I asked the two women if they had considered reciting prayers or Psalms as a merit to help them down the road to recovery, but the two women just looked at me with blank stares and confused expressions.
I explained to them that regardless of whether a string has an intrinsic spiritual value, nothing can replace genuine heartfelt prayer and tears. Tefillah, the power to communicate directly with G-d, is among the greatest gifts that Hashem has given us, and should not be forgotten, as it is our primary tool to evoke the mercy of Heaven.
Living in this Madonna, Brittney and Demi world of new-age kabbalah, we are led to believe that there more accessible, quick-fix ways to attaining spirituality and peace. However, in reality, nothing can replace the beauty of our tradition, so cherished and utilized for thousands of years.
Therefore, before you spend $36 on a piece of red thread, consider what Jacob would have done.

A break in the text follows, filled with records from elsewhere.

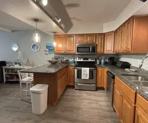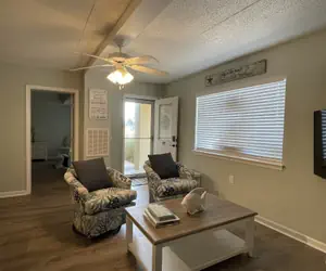 Salty Dog is a wonderful destination for a family vacation. The location of this vacation rental is a downstairs unit, providing easy access for beach goers and fishermen. It's just a 2-minute walk to the beach, where beach chairs are available for guests to use and relax. Across from the condo, there is a pool and a hot tub for guests to enjoy and unwind. Two designated parking spaces are available in front of the condo, noted with the unit number 101. The condo is beautifully decorated and offers 1200 sq ft of living space, providing ample room for relaxation and comfort. The well-equipped kitchen includes a dishwasher, range oven, refrigerator, microwave, and various small appliances, ensuring convenience for guests. Additionally, the condo features a washer, dryer, central air, and heat for added convenience and comfort. For outdoor cooking, there is also a grill available, and guests can unwind on the private patio with deck furniture.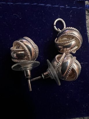 Sterling Silver Knot Earrings And Pendant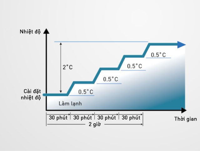 Tiết kiệm đến 20%* năng lượng. Máy điều hòa không khí xác định điều kiện ổn định và điều chỉnh vừa phải nhiệt độ cài đặt theo từng 0,5 độ để tiết kiệm năng lượng khi vận hành máy (tối đa 2 độ).
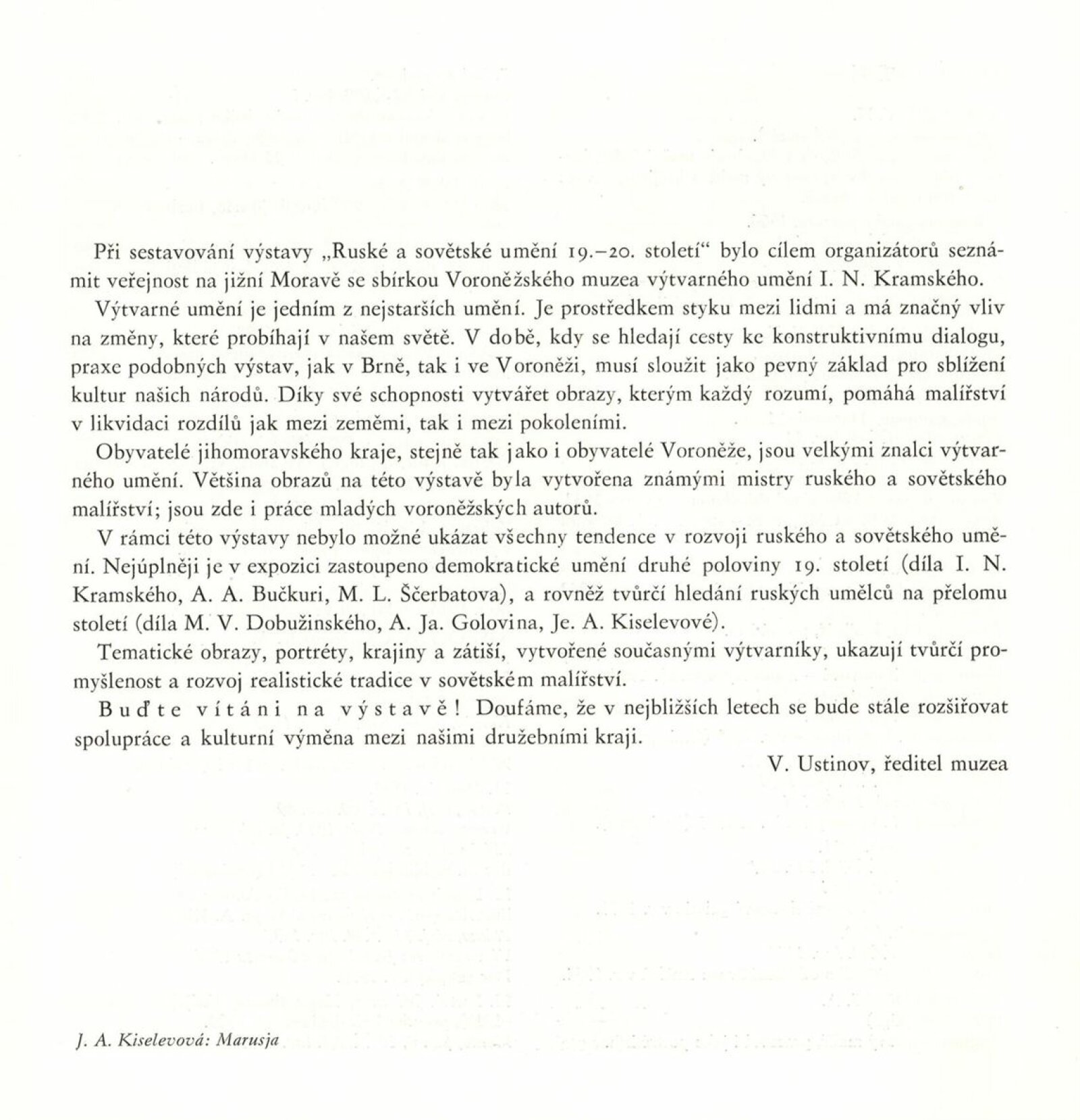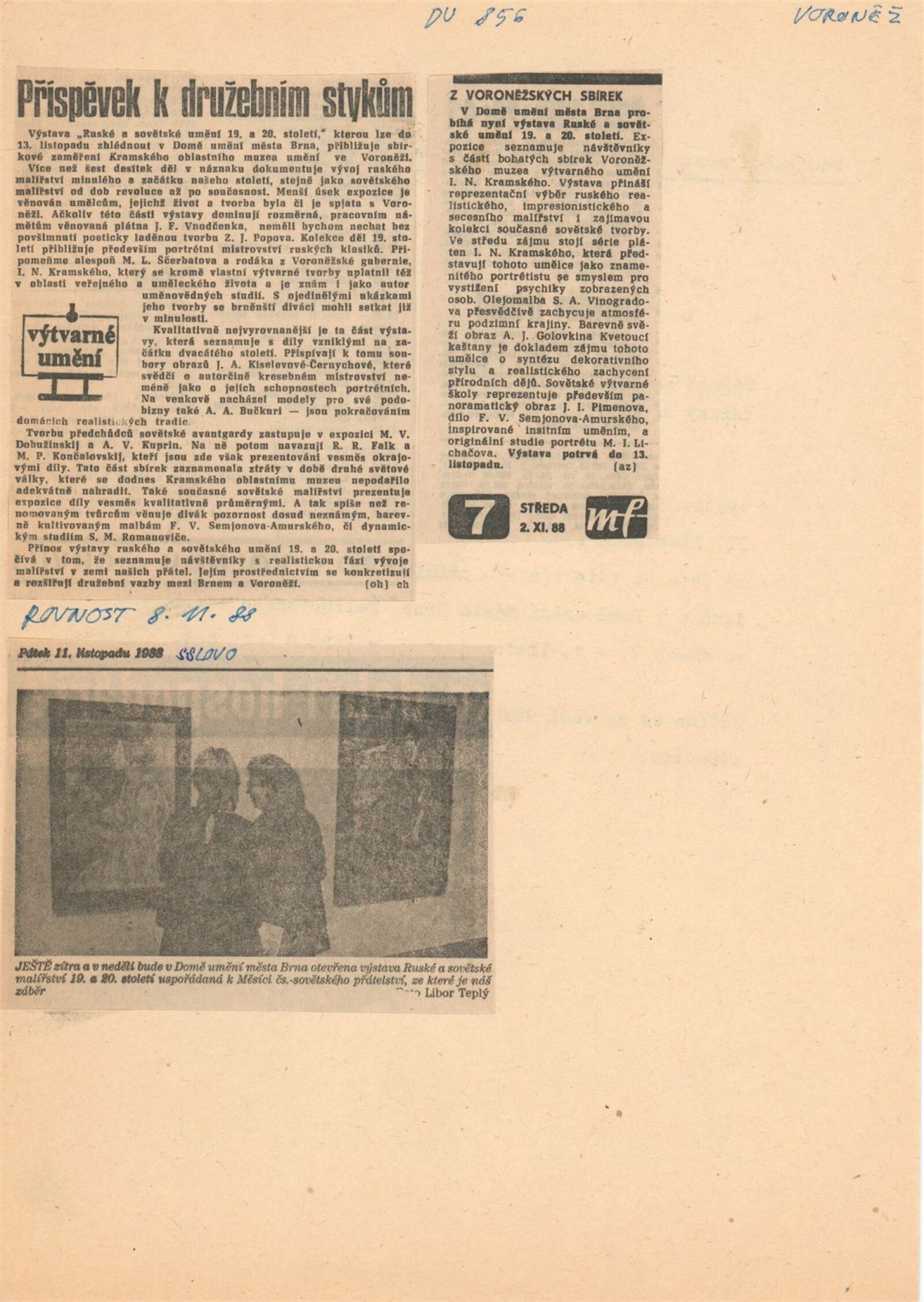 Ruské a sovětské umění XIX. a XX. století [ze sbírek Kramského muzea ve Voroněži]: Dům umění města Brna 14. 10. – 13. 11. 1988 / Text V. Ustinov. - Brno: DUmB, - [8] s., obr. DU 856; MZK; MG; MMB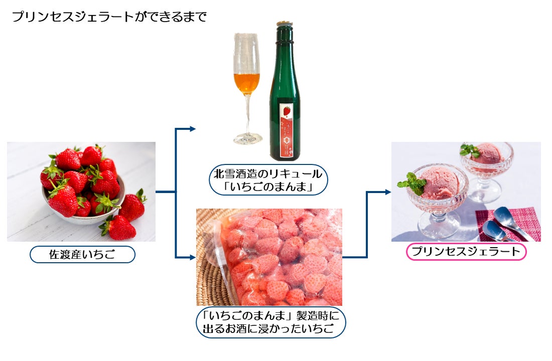 北雪酒造のリキュール『いちごのまんま』の製造工程ででる、お酒に浸かった佐渡産いちごをベースにつくった、いちごのジェラートです。一つ一つ丁寧に手づくりすることで佐渡産いちごの甘みやフレッシュさを逃がさず、なめらかな口当たりの中にいちごのつぶつぶ感を感じていただけます。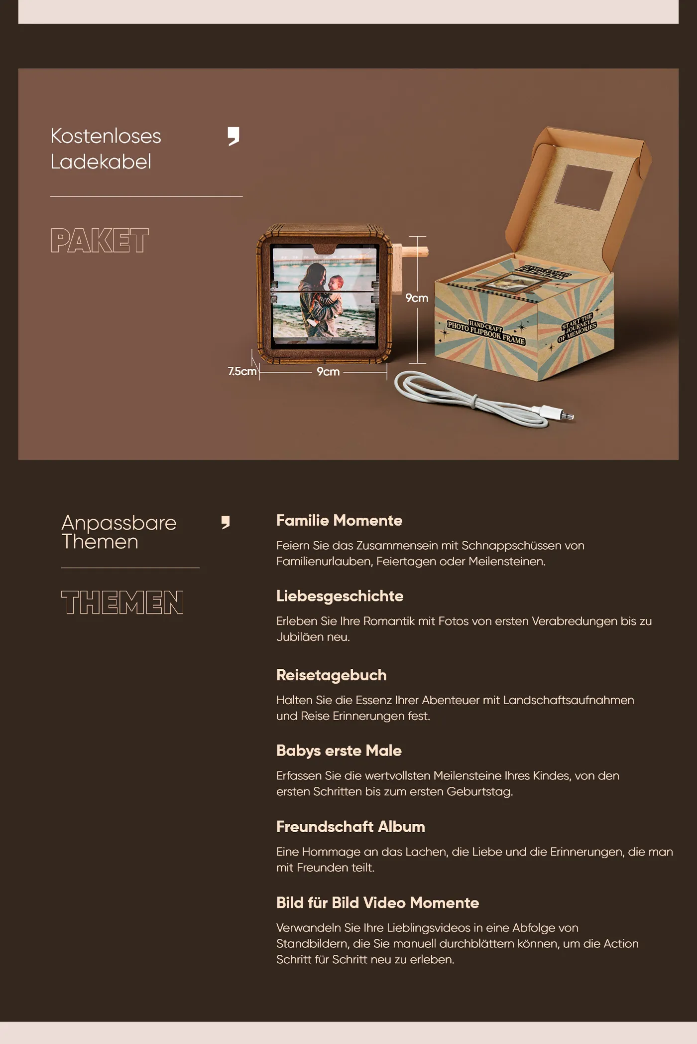 Feiern und bewahren Sie die schönsten Momente des Lebens mit unserem beleuchteten Handkurbel-Foto-Flipbook-Rahmen. Dieses exquisite Andenken ist mehr als nur ein Album; es ist ein individuell gestaltbarer Schatz, der das Wachstum und die Meilensteine Ihrer Familie hervorhebt.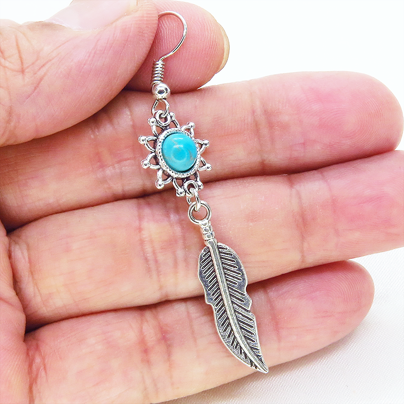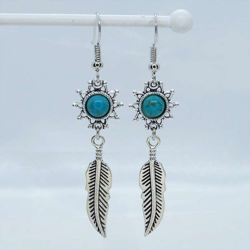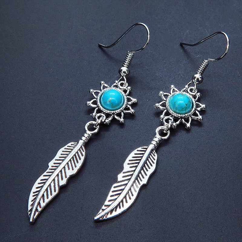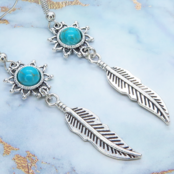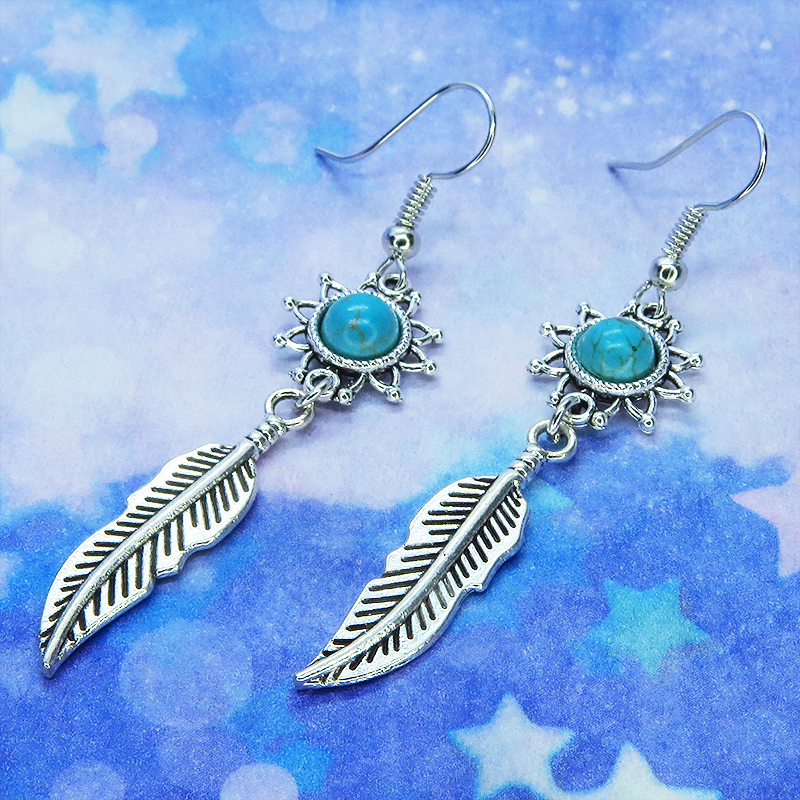 人気のあるフェザーのモチーフにターコイズがはめ込まれたひまわりのモチーフを繋げたピアスです

After Yaakov avinu conducted the funeral for his wife Rochel, did our forefather conclude the funeral service by wrapping a red string around her grave, and then tying the strands around the wrists and ankles of all those in attendance?
The Jewish response to tragedy, illness, or adversity is to turn directly to G-d to find help. True strength develops, and spiritual growth occurs, when we face hardships head on, and overcome it by clinging to the threads which comprise the tapestry of our Torah and our heritage.